[Start of section]
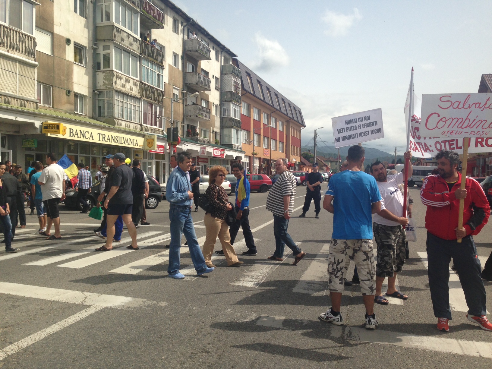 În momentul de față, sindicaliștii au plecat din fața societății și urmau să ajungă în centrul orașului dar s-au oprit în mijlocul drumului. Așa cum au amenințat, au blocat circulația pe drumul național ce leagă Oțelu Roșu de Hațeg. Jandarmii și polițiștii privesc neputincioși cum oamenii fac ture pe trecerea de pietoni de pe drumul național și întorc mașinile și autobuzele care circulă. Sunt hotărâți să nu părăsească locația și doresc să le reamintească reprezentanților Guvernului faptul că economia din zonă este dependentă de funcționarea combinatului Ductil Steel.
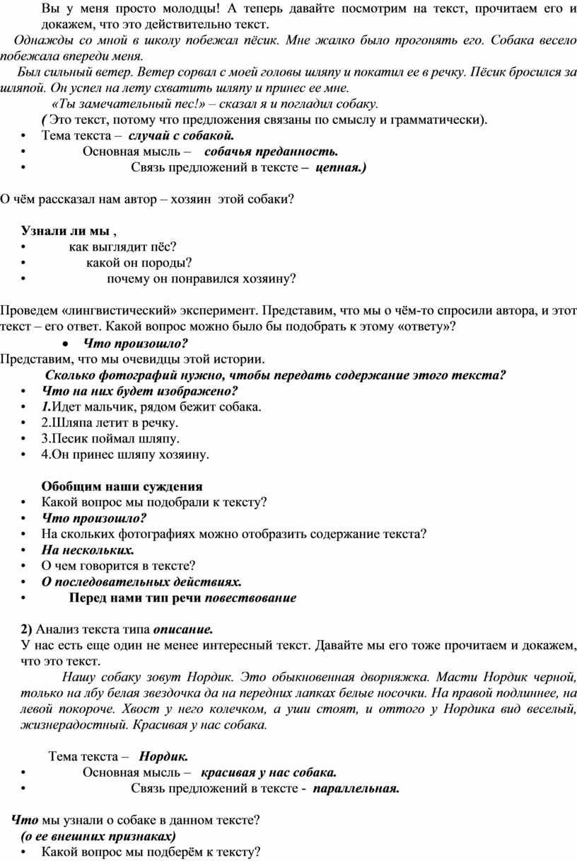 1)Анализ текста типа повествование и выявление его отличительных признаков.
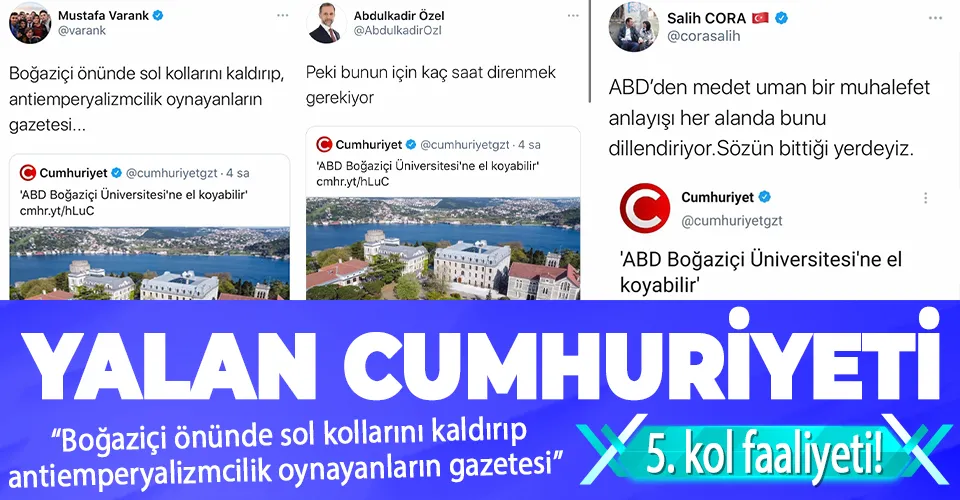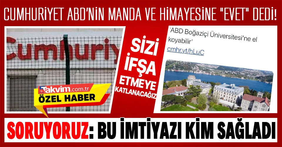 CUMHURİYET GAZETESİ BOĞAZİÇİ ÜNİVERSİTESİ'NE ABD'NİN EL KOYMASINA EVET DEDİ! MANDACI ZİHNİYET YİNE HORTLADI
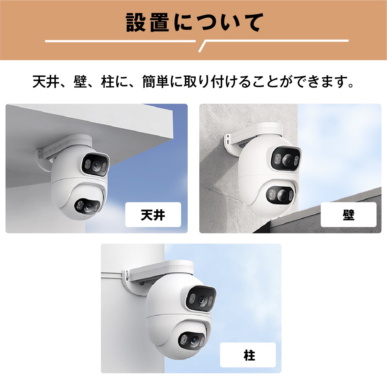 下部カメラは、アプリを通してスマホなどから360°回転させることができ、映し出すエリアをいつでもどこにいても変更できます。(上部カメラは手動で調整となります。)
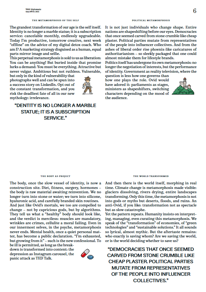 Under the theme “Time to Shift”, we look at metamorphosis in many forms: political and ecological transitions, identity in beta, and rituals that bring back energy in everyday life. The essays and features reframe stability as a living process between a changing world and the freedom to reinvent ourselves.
[End of section]
Take every line of the material and copy it exactly, leaving out the pictures.

 În momentul de față, sindicaliștii au plecat din fața societății și urmau să ajungă în centrul orașului dar s-au oprit în mijlocul drumului. Așa cum au amenințat, au blocat circulația pe drumul național ce leagă Oțelu Roșu de Hațeg. Jandarmii și polițiștii privesc neputincioși cum oamenii fac ture pe trecerea de pietoni de pe drumul național și întorc mașinile și autobuzele care circulă. Sunt hotărâți să nu părăsească locația și doresc să le reamintească reprezentanților Guvernului faptul că economia din zonă este dependentă de funcționarea combinatului Ductil Steel.
 1)Анализ текста типа повествование и выявление его отличительных признаков.
 CUMHURİYET GAZETESİ BOĞAZİÇİ ÜNİVERSİTESİ'NE ABD'NİN EL KOYMASINA EVET DEDİ! MANDACI ZİHNİYET YİNE HORTLADI
 下部カメラは、アプリを通してスマホなどから360°回転させることができ、映し出すエリアをいつでもどこにいても変更できます。(上部カメラは手動で調整となります。)
 Under the theme “Time to Shift”, we look at metamorphosis in many forms: political and ecological transitions, identity in beta, and rituals that bring back energy in everyday life. The essays and features reframe stability as a living process between a changing world and the freedom to reinvent ourselves.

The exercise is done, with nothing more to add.